• **REQUIRED WORK**: Reproduce the records below exactly; no pictures.

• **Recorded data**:
============================================================

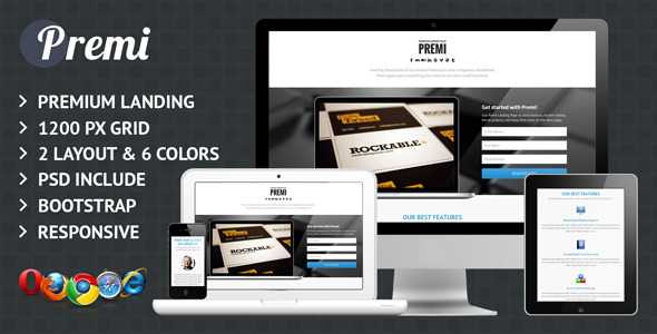 Premi is premium business landing page template that built with very cool responsive template with cool design, clean template, elegant color and a slew of features. This landing page completed with 2 layouts and 6 colors option that you can choose your own.
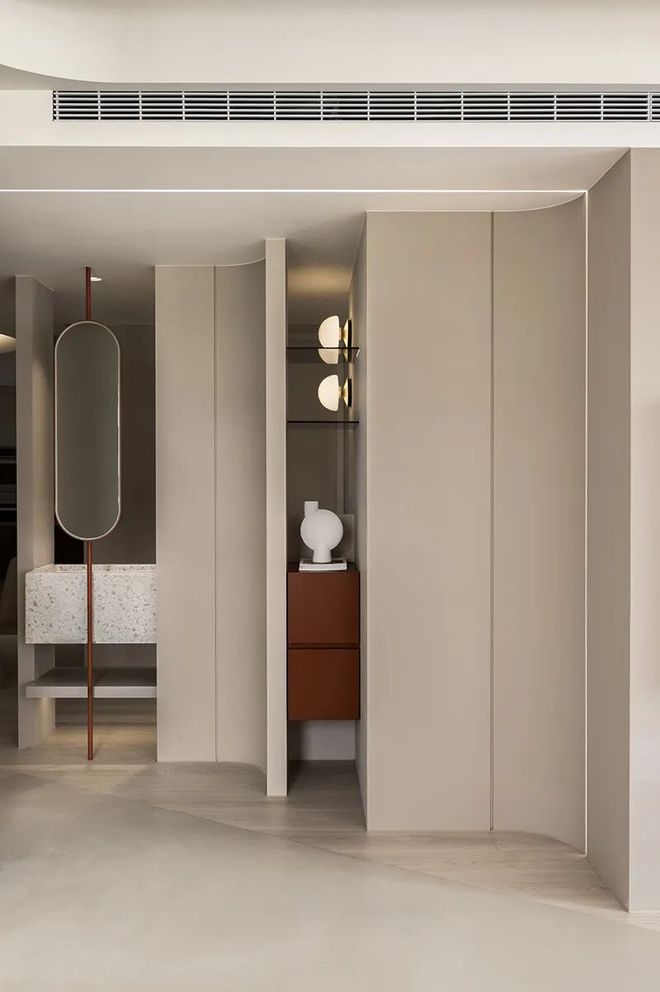 木作圆弧矮墙划分玄关
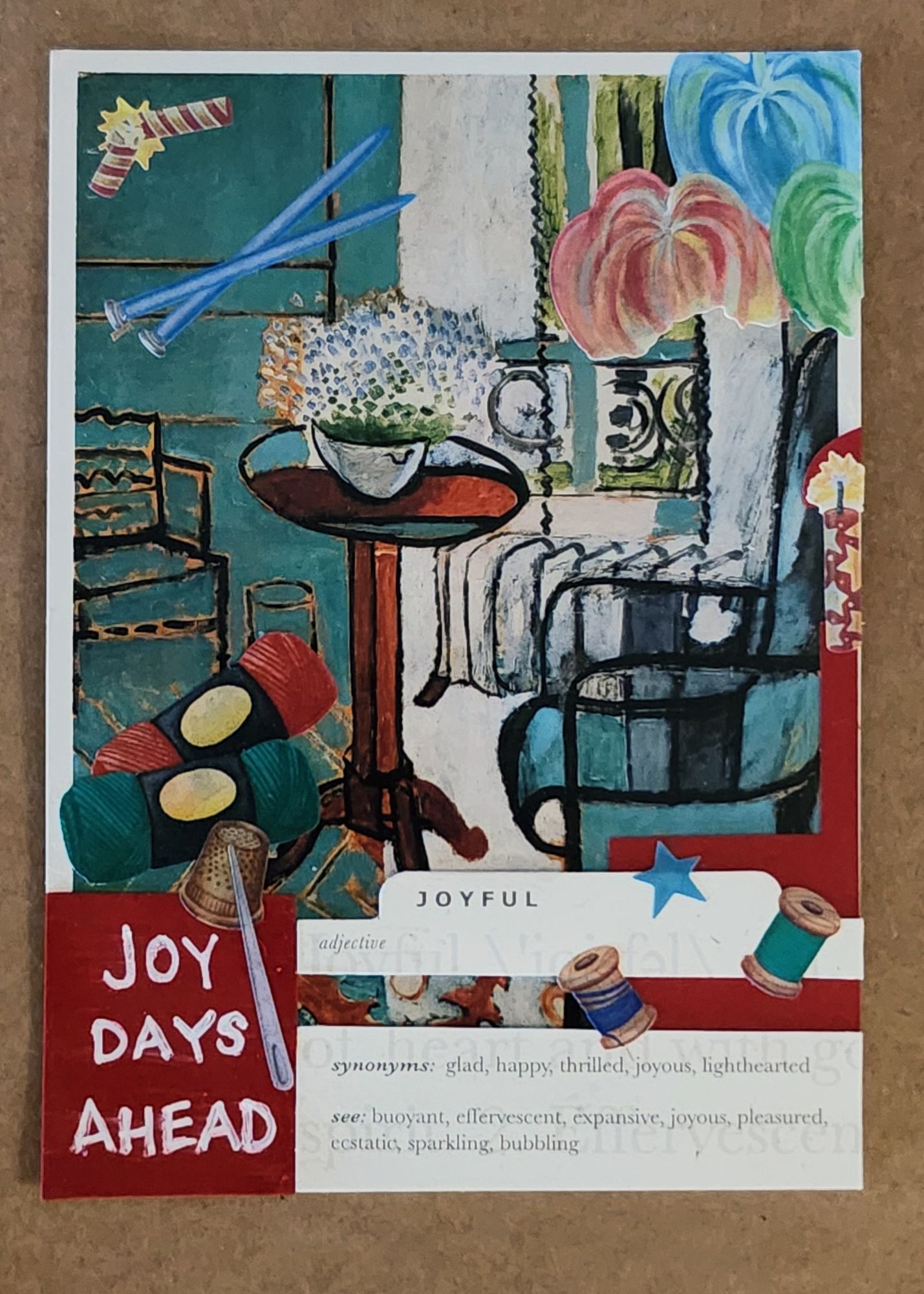 A: The “All happiness this day” was one of the hardest for me to cut into – the postcard was from the 1920’s, and was the main card I received that had writing on it – it had already gone through the mail. The final collage it’s in makes my heart happiest. The collage on the existing postcard, with the line “home away from home” feels most aligned to when I was creating it – in a cabin at a state park, celebrating my 5th wedding anniversary with my spouse, crafting by lantern-light.
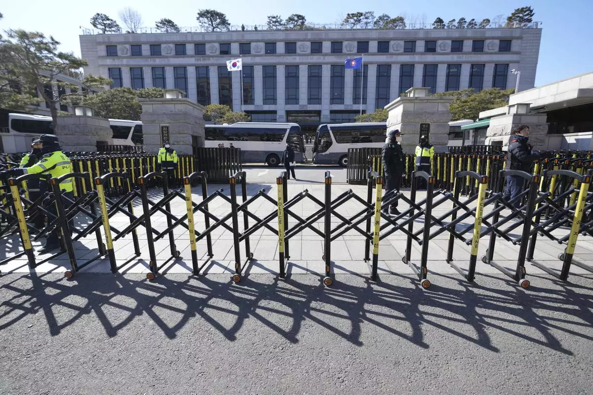 FILE - South Korean police officers stand guard in front of the Constitutional Court in Seoul, South Korea, on Feb. 18, 2025. (AP Photo/Lee Jin-man, File)
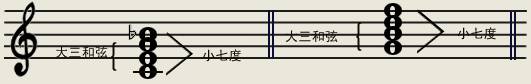 由”根音”、”三音”、”五音”构成大三和弦,”根音”到”七音”音程关系是小7度的和弦叫“大小七和弦。
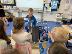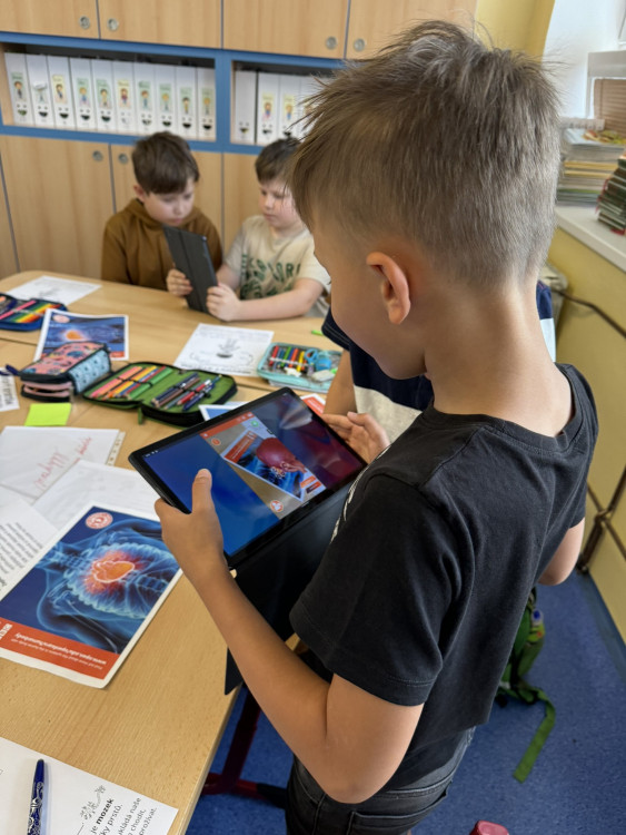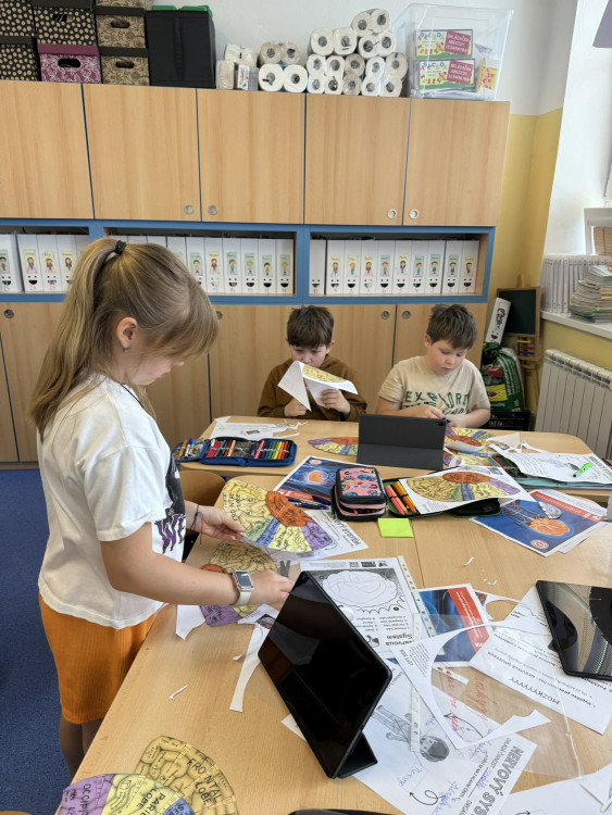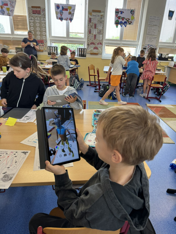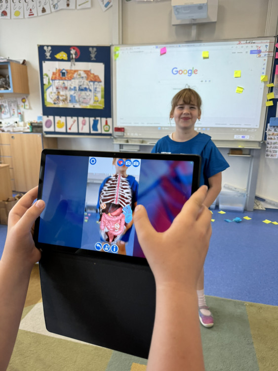 Program Začít spolu není jen o centrech aktivit, ale také o snaze zapojit do procesu učení i rodiče. Proto jsem s velkou vděčností přijala nabídku paní Matějkové, která sestavila pro děti výukový program zaměřený na prohloubení znalostí a vědomostí o lidském těle. Výuková lekce byla postavena na modelu E-U-R, tedy evokaci, uvědomění, reflexi a všechny aktivity byly podpořeny rozvojem digitálních kompetencí. Během dvou vyučovacích hodin jsme stihli vyhledávat informace hlasem, slepili jsme mozek, rozpohybovali jsme obrázek, díky digitálním technologiím jsme si mohli prohlédnout části lidského těla ze všech stran, nebo se podívat, jak to vypadá uvnitř našeho těla.
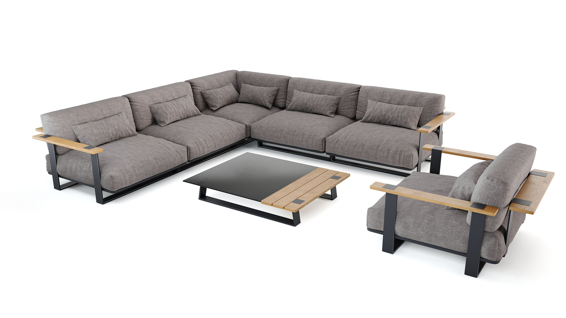 Das robuste Gestell aus pulverbeschichtetem Aluminium in elegantem Anthrazit bildet die Grundlage für ein langlebiges und wetterfestes Möbelstück. Edle Details aus massivem Teakholz zieren die Rücken- und Armlehnen, sowie waagerechte Ablagen, die nicht nur praktisch sind, sondern das Gesamtbild harmonisch abrunden. Diese durchdachten Akzente machen die Aura Lounge zu einem echten Hingucker – ein Möbelstück, das zum Bewundern einlädt.

============================================================

• **SOLUTION TO THIS PROBLEM**:
 Premi is premium business landing page template that built with very cool responsive template with cool design, clean template, elegant color and a slew of features. This landing page completed with 2 layouts and 6 colors option that you can choose your own.
 木作圆弧矮墙划分玄关
 A: The “All happiness this day” was one of the hardest for me to cut into – the postcard was from the 1920’s, and was the main card I received that had writing on it – it had already gone through the mail. The final collage it’s in makes my heart happiest. The collage on the existing postcard, with the line “home away from home” feels most aligned to when I was creating it – in a cabin at a state park, celebrating my 5th wedding anniversary with my spouse, crafting by lantern-light.
 FILE - South Korean police officers stand guard in front of the Constitutional Court in Seoul, South Korea, on Feb. 18, 2025. (AP Photo/Lee Jin-man, File)
 由”根音”、”三音”、”五音”构成大三和弦,”根音”到”七音”音程关系是小7度的和弦叫“大小七和弦。
 Program Začít spolu není jen o centrech aktivit, ale také o snaze zapojit do procesu učení i rodiče. Proto jsem s velkou vděčností přijala nabídku paní Matějkové, která sestavila pro děti výukový program zaměřený na prohloubení znalostí a vědomostí o lidském těle. Výuková lekce byla postavena na modelu E-U-R, tedy evokaci, uvědomění, reflexi a všechny aktivity byly podpořeny rozvojem digitálních kompetencí. Během dvou vyučovacích hodin jsme stihli vyhledávat informace hlasem, slepili jsme mozek, rozpohybovali jsme obrázek, díky digitálním technologiím jsme si mohli prohlédnout části lidského těla ze všech stran, nebo se podívat, jak to vypadá uvnitř našeho těla.
 Das robuste Gestell aus pulverbeschichtetem Aluminium in elegantem Anthrazit bildet die Grundlage für ein langlebiges und wetterfestes Möbelstück. Edle Details aus massivem Teakholz zieren die Rücken- und Armlehnen, sowie waagerechte Ablagen, die nicht nur praktisch sind, sondern das Gesamtbild harmonisch abrunden. Diese durchdachten Akzente machen die Aura Lounge zu einem echten Hingucker – ein Möbelstück, das zum Bewundern einlädt.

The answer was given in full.